By binding to the surface of the virus the HIV-1 Tat protein increases virus infectivity, identifying a target for new therapies.
The HIV Tat protein binds the Env viral protein, generating a virus entry complex that appears to play a key role in HIV vulnerability to neutralizing antibodies and might contribute to the maintenance of latent virus reservoirs resistant to therapy. Upon the identification of this complex (the Tat/Env complex) CNAIDS has combined Tat and Env in an experimental vaccine that was tested first in monkeys and then in a phase I clinical trial. CNAIDS is now committed to continue the research, aimed to clarify in more detail the role of the Tat/Env complex in virus infectivity and how it could be used to induce antibodies capable of neutralizing the infection.
HIV enters the target cells by binding the cellular receptors CD4 and CCR5 expressed on the surface of CD4+ T lymphocytes, macrophages and dendritic cells. Env also recognizes and binds other receptors, called membrane lectins. Some of these lectins promote the binding of Env to the CD4 receptor. Furthermore, lectins expressed by dendritic cells "capture" HIV transmitting the virus directly to CD4+ T lymphocytes. This process, called "trans-infection", ensures a very efficient pathway for virus spreading within the host. The Env molecule is, therefore, the natural target of antibodies able to neutralize the virus and many of the vaccines tested so far have used, or are using, Env as an immunogen to induce a neutralizing response against HIV.
The Env molecule is very immunogenic and during the course of the infection induces a variety of poorly or non-neutralizing antibodies. This is due to the conformational dynamics of Env, which “spends” most of the time in a "closed" conformation, in which both the Env CD4 and CCR5 binding sites remain inaccessible to antibodies. However, to infect the target cells, Env must temporarily shift to an "open" conformation, exposing the CD4 and CCR5 binding sites for binding to the target cell receptors. The open form of Env, therefore, is very vulnerable to neutralizing antibodies. On the contrary, the closed form of Env is particularly resistant to either neutralizing antibodies produced during infection or those induced by the vaccines tested in humans so far. However, a limited number of HIV-infected people develop antibodies that "block" Env in the closed form, preventing the virus from attacking cells; these antibodies are currently the subject of intensive research to develop new generation immunotherapies and protective vaccines.

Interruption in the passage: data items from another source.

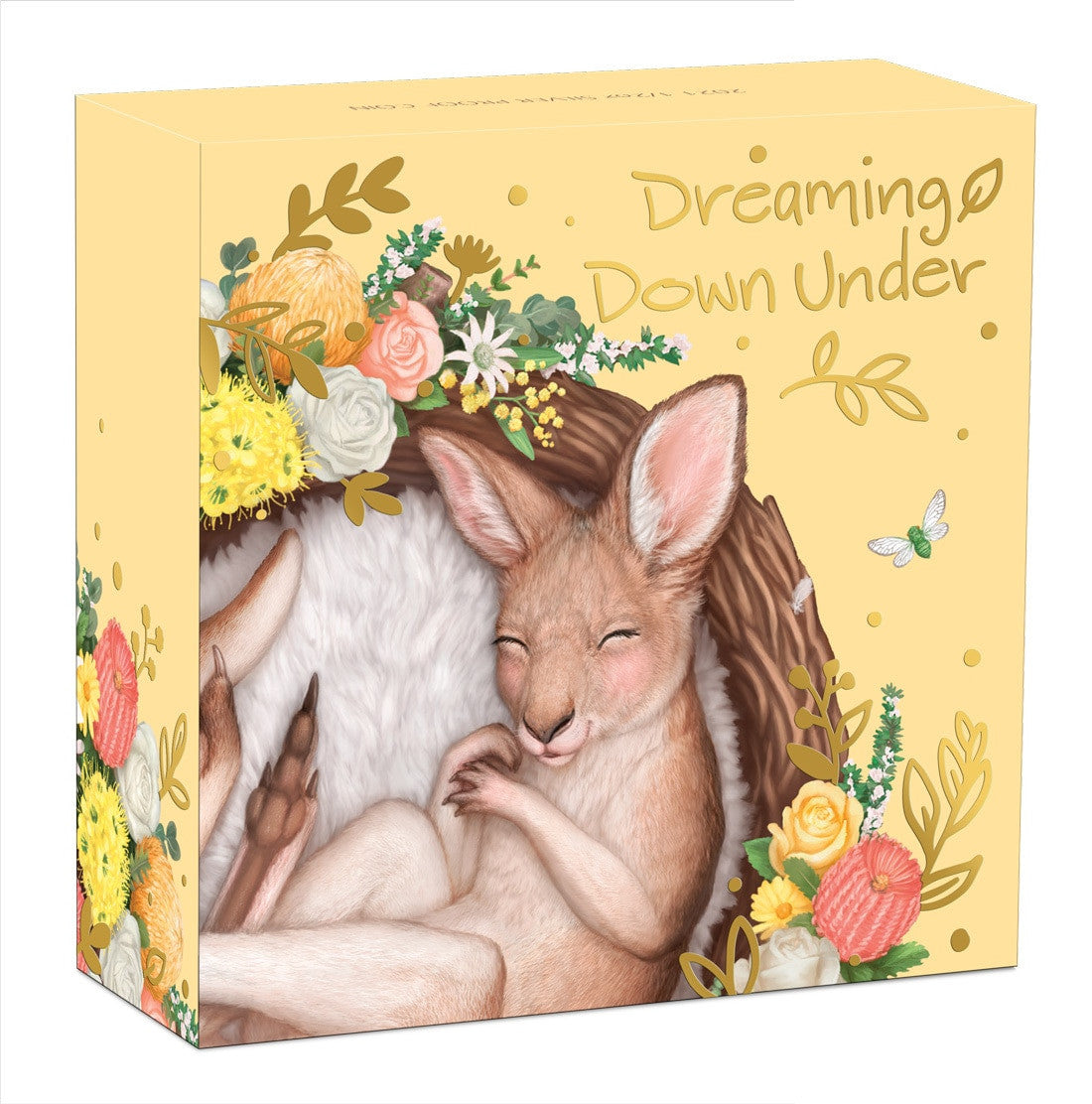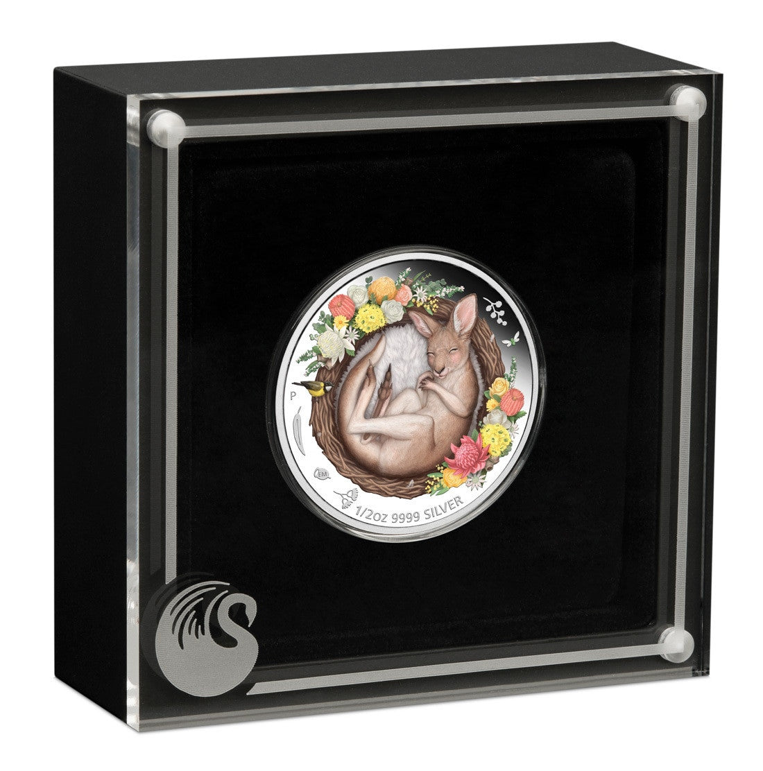 The coin’s reverse depicts a cute baby kangaroo asleep in a fleece-lined nest surrounded by colourful Australian native flowers and wildlife. The Perth Mint’s ‘P’ mintmark also appears on the reverse with the coin’s weight and purity.
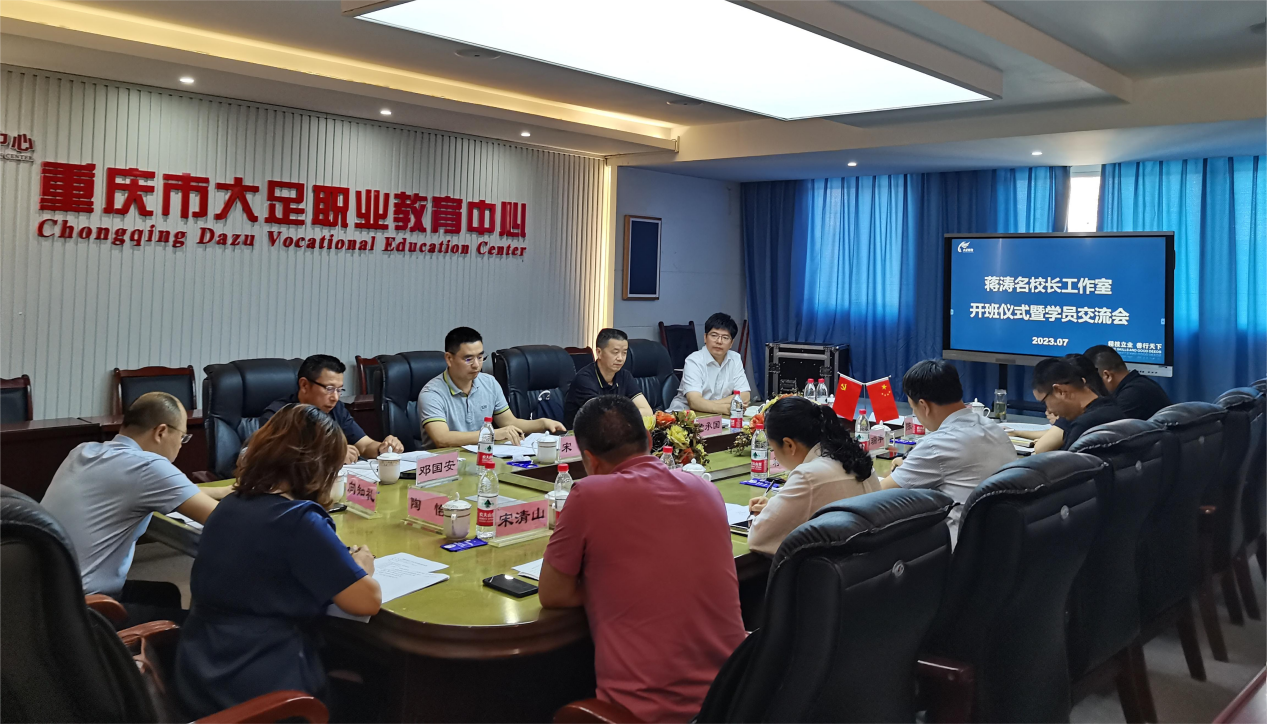 为深入贯彻《重庆市教育委员会关于开展 2022 年中小学骨干校长评选工作的通知》(渝教人函〔2022〕44 号)和《重庆市教育委员会关于公布 2022 年重庆市中小学骨干校长名单的通知》(渝教人发〔2023〕3 号)等文件要求,7月5日下午,蒋涛名校长工作室开班仪式暨学员交流会在重庆市大足职业教育中心励志楼会议室举行,会议由名校长工作室学员宋海同志主持。
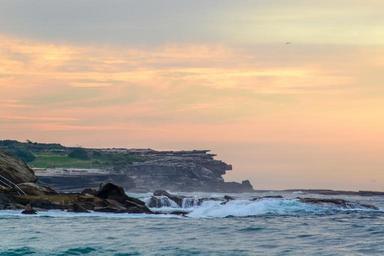 Keywords: coogee sydney australia ocean rocks sunrise pink
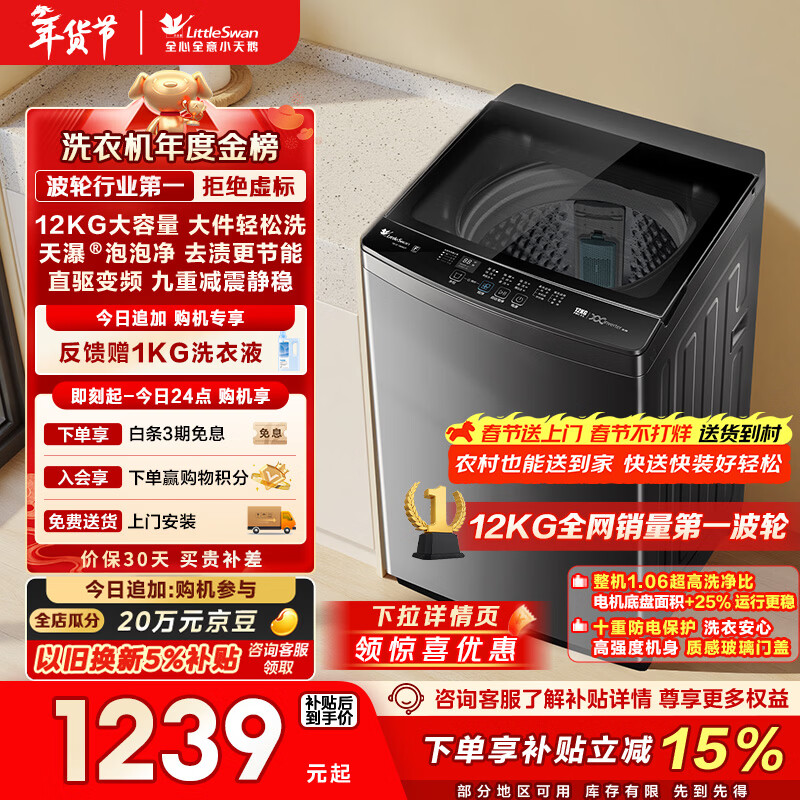 小天鹅(LittleSwan)波轮洗衣机全自动家用 12KG大容量 直驱变频 TB12-1809DT 以旧换新 国家补贴 京东自营 一级能效
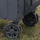 this shopping cart is equipped with 12 cm enlarged and widened off-road wheels, highly elastic shock absorbers, compression and wear resistance; 2 rear wheels with brake buttons can prevent the cart from slipping when not in use, safer and more reliable; And it is suitable for grass, plains, rough sandstone floors and more
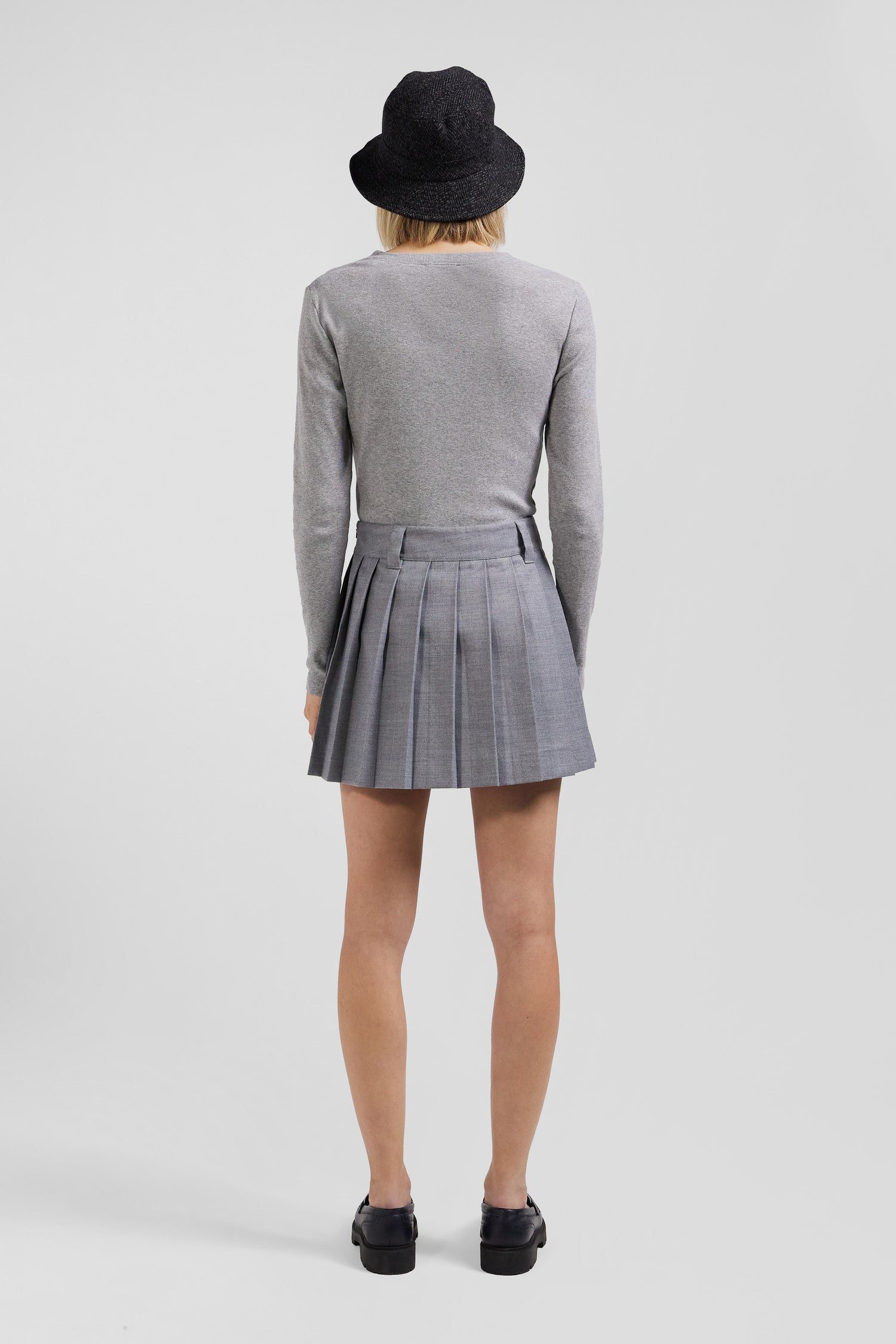 Jupe plissée en laine mélangée grise

Studies performed at CNAIDS have shown that the Tat protein is able to modify Env conformational dynamics by easing the transition between the closed and open conformations. The data suggest that Tat increases virus infectivity for CD4+ lymphocytes and dendritic cells by rendering Env more open but more vulnerable. Therefore, CNAIDS is conducting studies to clarify the role of the Tat protein in the conformational transitions of Env, in virus infectivity and neutralization by Env antibodies. These studies have further shown that, by binding Env, the Tat protein "deflects" the virus from dendritic cells Env canonical receptors "redirecting" it to other surface molecules (integrins) that act as receptors for Tat. Therefore, thanks to the Tat/Env complex, the virus penetrates dendritic cells even in the presence of effective anti-Env antibodies. In turn, however, anti-Tat antibodies block the integrin-dependent entry route. These antibodies appear only rarely during natural infection but can be induced with high efficiency by the Tat vaccine developed at CNAIDS, as demonstrated by the results of phase II vaccine trials. The integrins acting as Tat receptors are also expressed at high levels by activated endothelial cells. These cells mark inflamed tissue that actively recruits activated CD4+ T lymphocytes, the most efficient targets for HIV infection. Thus, CNAIDS conducts studies aimed at clarifying the role of Tat and the Tat/Env complex in the trans-infection of HIV, in the recruitment of HIV at sites of inflammation and in the use of the Tat/Env complex to induce neutralizing antibodies. All these studies could provide useful information to clarify the protective action of the Tat vaccine against HIV and new scenarios for a preventive, sterilizing vaccine based on the Tat/Env complex, which was already successfully tested in monkeys and in a phase I clinical trial in humans (ClinicalTrials.gov identifier: NCT01441193).